Mine don't even have an ISBN. I've used my CS ISBN a few times for my e-books, and nobody complained. Not sure if they still have the same use anymore.


----------



## TexasGirl (Dec 21, 2011)

I used to separate out the epub and the mobi with different ISBNs, but now I don't. There are good reasons to keep to as few ISBNs as you can, and one of those is the ease in which engines can find reviews based on ISBN. Kobo does it and so does Google Books.

But do keep all your papers separate. Be kind to libraries. Hardcover gets its own. Paperback too.


----------



## 10105 (Feb 16, 2010)

They're supposed to be different. I did it that way at first. Now, I use ISBNs only for print editions and ASIN for KDP-published books. My epubs don't sell well enough to justify the expense. It might become an issue if brick and mortar bookstores start aggressively selling e-books, at which time I'll assign ISBNs to epubs.


----------



## Zoe York (May 12, 2013)

Didn't we discuss this last week? (Entirely possible that we didn't)

Bowker makes money off of selling ISBNs. Don't listen to them.

For ebooks, ISBNs are not necessary. If you live in Canada, where they are free, or you have bought a pack of them and want to use them for funsies, then one is sufficient for all ebooks. Librarians and independent booksellers might have a twitchy fit if you use a paperback ISBN for an ebook, so don't do that, even though Hugh is cute.  

It's an identification number. It's purpose is to find the book in a large catalogue. This is not necessary within a bookseller's domain, because they have their own system (ASIN at Amazon, I don't know what at B&N, etc., but they have something). If you use the paperback ISBN on an ebook, or vice versa, I think barcodes explode and babies die. Or it makes it difficult to list your book in a library system? Something like that.

Oh, and it may have some benefit in getting your sales properly tallied for a run at the NYT and USA Today bestselling lists. Not worth the outlay of cash for a newbie.


----------



## Istvan Szabo Ifj. (Dec 13, 2013)

According to our laws, each version must have a different ISBN, and as in my country, Hungary, we get the ISBNs for free, I have different numbers to each of the versions (Mobi, EPub, Lit, PDF, Paperback and Hardcover).


----------



## Suzan Butler (Apr 6, 2013)

I use the same one for epub, mobi, and PDFs. I use a different one for print. Now, in some countries, it might be law that you use a different one.

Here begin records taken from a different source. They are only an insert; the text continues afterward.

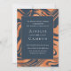 Elegant marbled copper on navy blue background, wedding invitation. Customise text, font style, colour and size.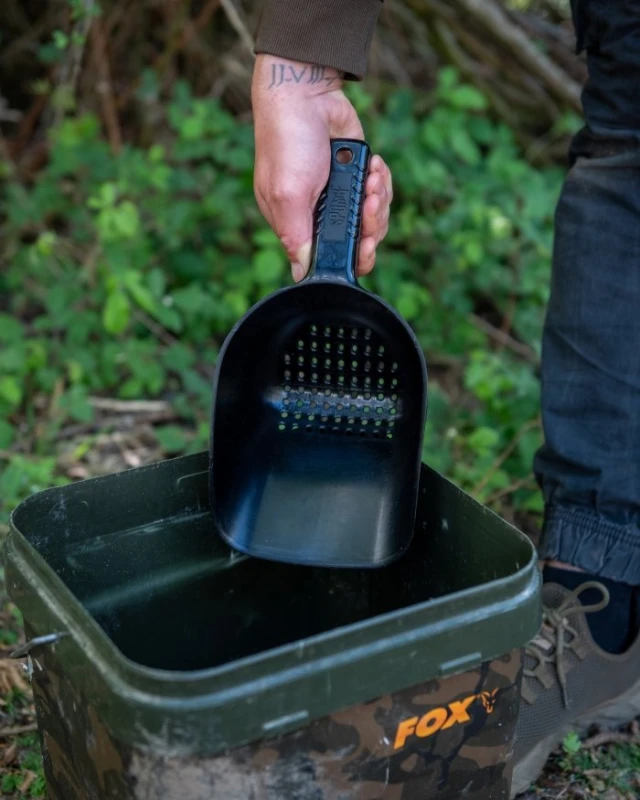 Совок Spomb Mega Scoop. Совок Spomb Mega Scoop має компактну цільну конструкцію, яка поміщається в будь-яке відро Fox/Spomb. Ідеально підходить для змішування приманки, підгодовування, завантаження Spomb та човників для наживки, а також чудово підходить для змішування брудних/липких сумішей для споду. Перфорований з отворами для стоку рідини. Особливості Великий чорний литий черпак для приманки Ідеально підходить для змішування приманки, розкладання приманки, завантаження спомбів та човників з приманкою Чудово підходить для змішування брудних/липких сумішей для сподів Отвори для відведення рідини Компактна цільна конструкція поміщається в будь-яке відро Fox/Spomb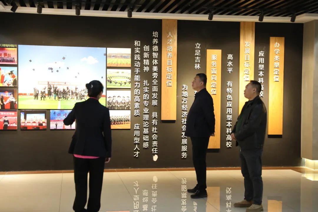 仪式前,继续教育学院院长李宗财和职业技术学院张蕾老师陪同吉林省红十字会的领导们参观了我校校史馆,深入了解我校的发展历程。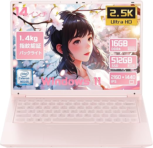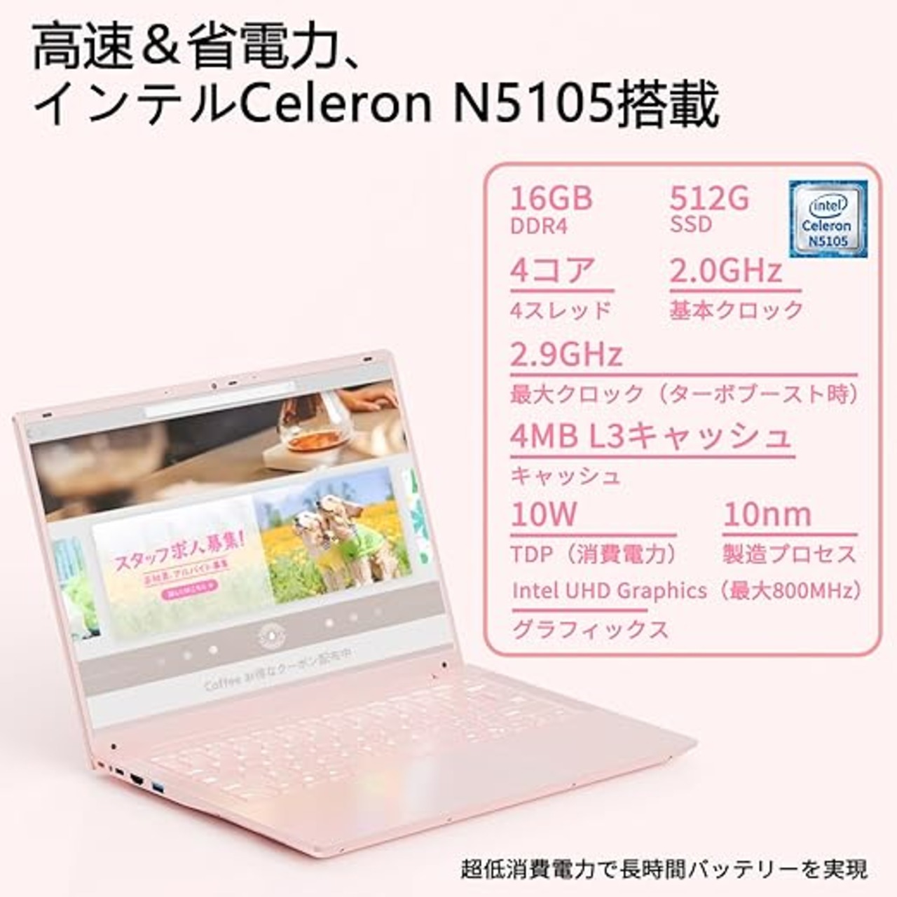 BINTEC ノートパソコン薄型軽量14インチ2160*1440 IPSディスプレイ/第11世代 Celeron N5105搭?/6000mAh 大容量バッテリー/1.4kg/16GBメモリ/Windows 11対応MS Office 2019搭載/WiFi 5 /BT 5.0/Type-C/マウス付き/コスパノートPC軽量デザイン(サクラピンク, 512G SSD) a

Check for your specific situation, but in the US we pay for them and while it's suggested by Bowker to use different ones for each ISBN, it is not required.


----------



## swolf (Jun 21, 2010)

IstvanSzaboIfj said:


> and as in my country, Hungary, we get the ISBNs for free


Hungary, where the ISBNs flow like milk and honey. 

Wait a sec, don't Canadians get free ISBNs too? What the hell? Are Americans the only ones who have to pay for them?

Speaking of that, how much overhead can there be to create a unique number and keep it on file? Sounds like something that could be run out of someone's basement. $125 per number? How do I get into this business?


----------



## Crime fighters (Nov 27, 2013)

Zoe York said:


> Oh, and it may have some benefit in getting your sales properly tallied for a run at the NYT and USA Today bestselling lists. Not worth the outlay of cash for a newbie.


Could somebody elaborate on this? I'm not expecting to hit the best seller lists with my debut novel, but would not having an ISBN prevent an author from hitting those lists?


----------



## Sandra K. Williams (Jun 15, 2013)

I use different ISBNs for paperback and EPUB. No ISBN for Amazon because Amazon doesn't distribute to other vendors.

ISBNs, if properly assigned, should ensure that distributors and vendors order/deliver the correct item. Book titles aren't unique. Neither are author names.


----------



## Zoe York (May 12, 2013)

K.B. Nelson/Parker said:


> Could somebody elaborate on this? I'm not expecting to hit the best seller lists with my debut novel, but would not having an ISBN prevent an author from hitting those lists?


It's just an assumption that it could make the difference, but sales data linked to an ISBN number is going to be the most complete. I don't know how many retailers report to the list making people, but if there's any variation between how Amazon, B&N, etc. report, matching ISBNs would ensure that your maximum sales are reported, and a retailer line isn't left out.

There definitely are people who have hit lists without an ISBN. If I thought a new release would be a contender for that level of sales, I'd make sure I had an ISBN.


----------



## B.A. Spangler (Jan 25, 2012)

TexasGirl said:


> But do keep all your papers separate. Be kind to libraries. Hardcover gets its own. Paperback too.


Why is that? 
I used to separate, but have noticed that others are not.


----------



## Crime fighters (Nov 27, 2013)

Zoe York said:


> It's just an assumption that it could make the difference, but sales data linked to an ISBN number is going to be the most complete. I don't know how many retailers report to the list making people, but if there's any variation between how Amazon, B&N, etc. report, matching ISBNs would ensure that your maximum sales are reported, and a retailer line isn't left out.
> 
> There definitely are people who have hit lists without an ISBN. If I thought a new release would be a contender for that level of sales, I'd make sure I had an ISBN.


Alright, thanks for that extra bit of info. I'm going to have to do more research.


----------



## Andrzej Tucholski (Jan 4, 2014)

When I contacted my National Library about ISBN's they told me that I need only two. One for the paperback if I'm doing one and one for my "digital version of the book". I'm pretty sure that this institution isn't even aware of different types of files but hey, since it's the official info, I'm going with one to rule them all (digitals).

EDIT: Also, ISBN's in Poland are free. That's some good information.


----------



## K. D. (Jun 6, 2013)

swolf said:


> Wait a sec, don't Canadians get free ISBNs too? What the hell? Are Americans the only ones who have to pay for them?
> 
> Speaking of that, how much overhead can there be to create a unique number and keep it on file? Sounds like something that could be run out of someone's basement. $125 per number? How do I get into this business?


Naw, they're pretty expensive here, too.


----------